= Huntley Wright =

English actor (1868–1941)

Huntley Wright circa 1908

Huntley Wright (7 August 1868 – 10 July 1941) was an English stage and film actor, comedian, dancer and singer, best known for creating roles in many important Edwardian musical comedies.

His career spanned more than half a century, beginning with performances in his family's touring theatre company. He then toured extensively in burlesque and other comedies and also appeared in London. In 1895, he toured in South Africa in a musical comedy, The Shop Girl. Beginning in 1896, he spent ten years creating roles in some of the era's most popular musical comedies for George Edwardes at Daly's Theatre. He continued playing in musicals in the West End and on Broadway until World War I, when he served in the British Army. After this, he continued to play in comedies, musical theatre and drama, also broadcasting frequently on the radio and appearing in several films later in his career.

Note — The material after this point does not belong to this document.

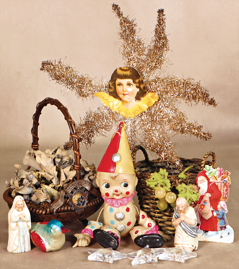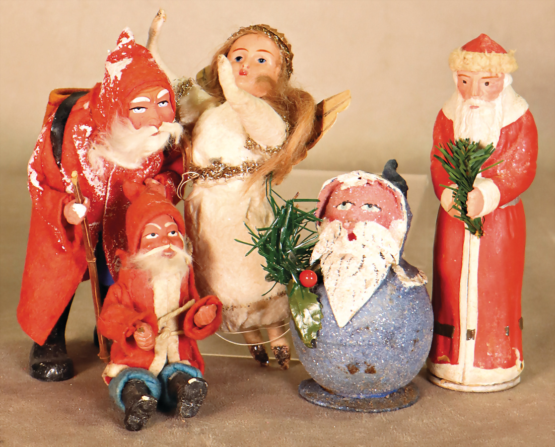 Konv. Weihnachtsmänner, Candy-Container, 15,5 cm, Weihnachtsmann mit Kiepe, Masse, 16 cm, kl. Weihnachtsmann sitzend, Masse, 1 Watteengel, Celluloid-Gesicht, 1 Weihnachtsmann, Glas, Glimmer, Papiermaché, Sockel lose, „Spielzeugmuseum Graz“
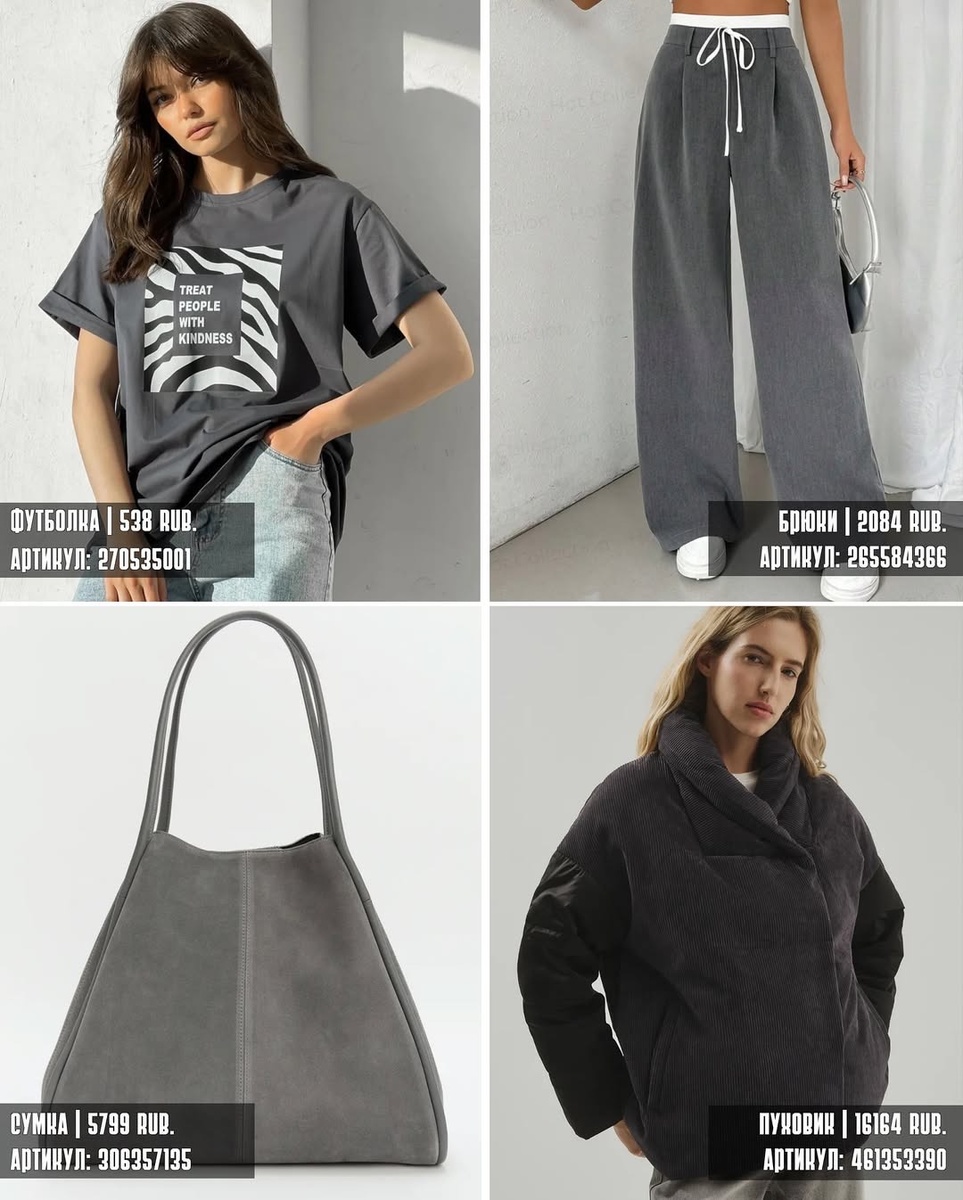 Эта тёплая подборка с ВБ показывает, что осень и зима — не повод прятаться в бесформенные вещи. Графитовый монохром создаёт спокойный городской базис, сливовые акценты добавляют глубины и благородства, а вишнёво-красные детали отвечают за настроение и энергию.

Wright's daughter, Betty Huntley-Wright, had a successful television and film career.

==Early years==
Born Walter Thomas Curtis Wright in London, he was one of five children of Frederick Wright, Sr. (1828–1911) and his wife Jessie, née Francis (born 1841), both actors and comedians. His brother, Fred Wright Jr. (1865–1928), was also a successful actor in musical comedy, and his sisters, Maria "Marie" Wright (born 1864) and Ada "Haidee" Wright (1867–1943), and brother, Albert "Bertie" Wright (born 1871), were all actors.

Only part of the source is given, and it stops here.